It Was Never About the Title

It took me years to understand why building free side projects felt more rewarding than paid work. This is what I learned.

July 19, 2026
5 min read

For years, something didn't make sense to me.

I could spend an entire week working on production software, get paid for it, and feel satisfied that I had done my job well.

Then I would spend an entire weekend building some random side project that nobody asked for, publish it for free, wake up to find a few people actually using it, and somehow feel happier than I did all week.

It never really made sense to me.

I assumed I just hadn't found the right company. Or the right project. Or maybe I simply wasn't experienced enough yet.

It took me a long time to realize the problem wasn't software engineering itself.

It was what motivated me.


I started programming near the end of 2018.

Like many people, I learned by copying code I barely understood. Stack Overflow was open more often than my editor. Nobody explained how databases worked, how software should be structured, or what "good architecture" even meant.

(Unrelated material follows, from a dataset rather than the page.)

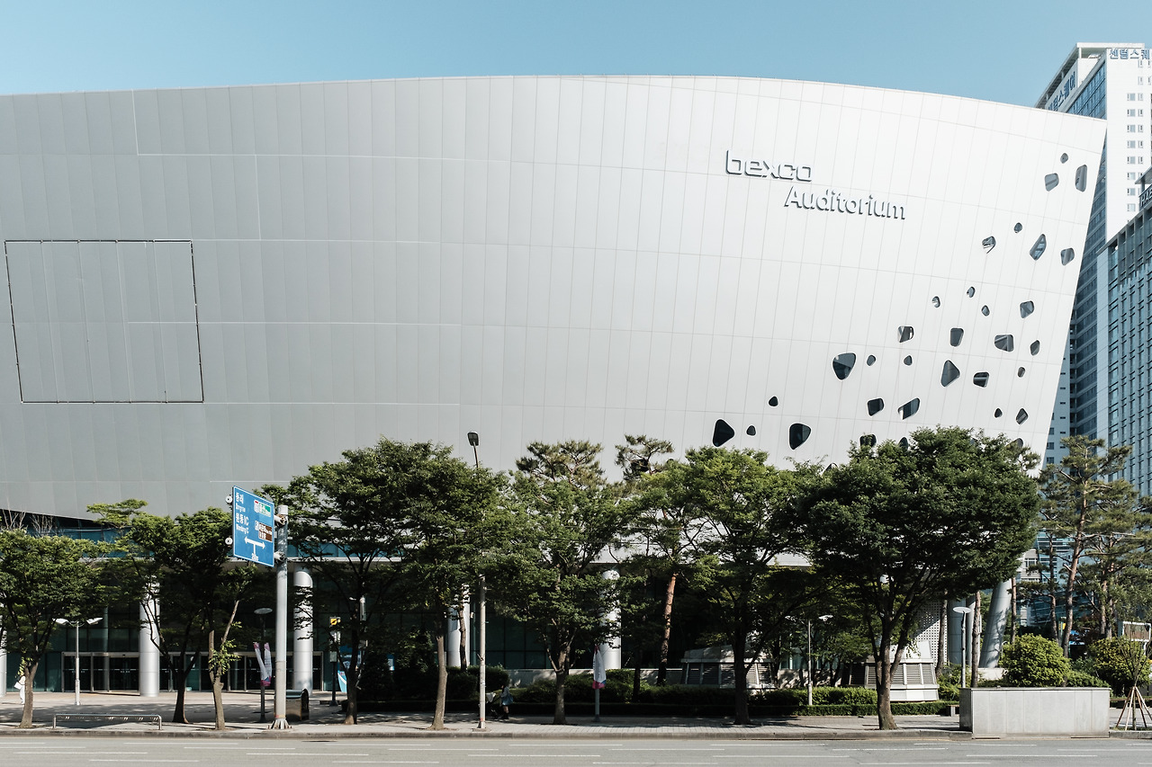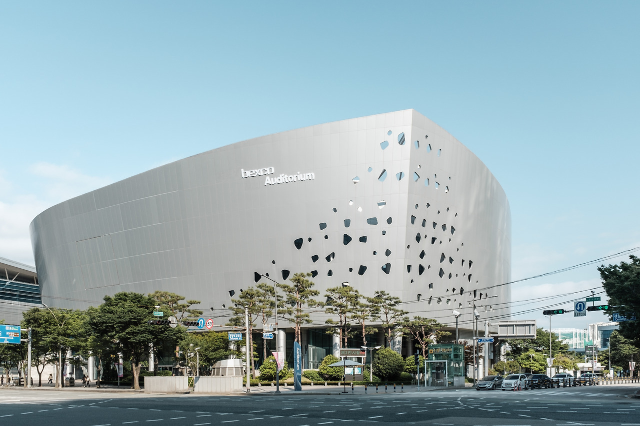 해운대 수영강변을 따라 펼쳐진 선형적 도시 흐름 속에서 마치 바다의 곡선을 닮은 이 건물은 도시의 리듬을 뒤흔든다. 바로 벡스코 오디토리움이다. 회색빛 도시 풍경 속, 오디토리움의 은색 곡면은 하늘을 빛을 받아 은근한 광택을 내며 마치 수면 위로 떠오른 고래의 등처럼 느껴진다. 건물은 구불구불한 곡선의 지붕과 유려한 파사드로 시선을 사로잡는다. 직선과 모서리가 지배하는 센텀의 풍경에서 이 건축은 유일하게 흐름을 품고 있는 구조다.

I just built things. Most of them were terrible. Some of them worked. Every mistake taught me something.

Without realizing it, I also started publishing things as open source around the beginning of 2019. At the time, I wasn't thinking about maintainers, communities, or downloads.

I just liked making things and sharing them.

Most of what I built wasn't designed for anyone else. I was solving a problem I had or chasing something I was curious about. Publishing it was almost an afterthought.

Sometimes those projects stayed personal. Sometimes they unexpectedly became useful to other people.

As I became more experienced, I started working on client projects too.

Those projects taught me a lot. I learned how teams collaborate, how larger systems evolve over time, and why software in the real world often looks very different from software built for fun.

I'm genuinely grateful for that experience.

But there was always a feeling I couldn't quite explain.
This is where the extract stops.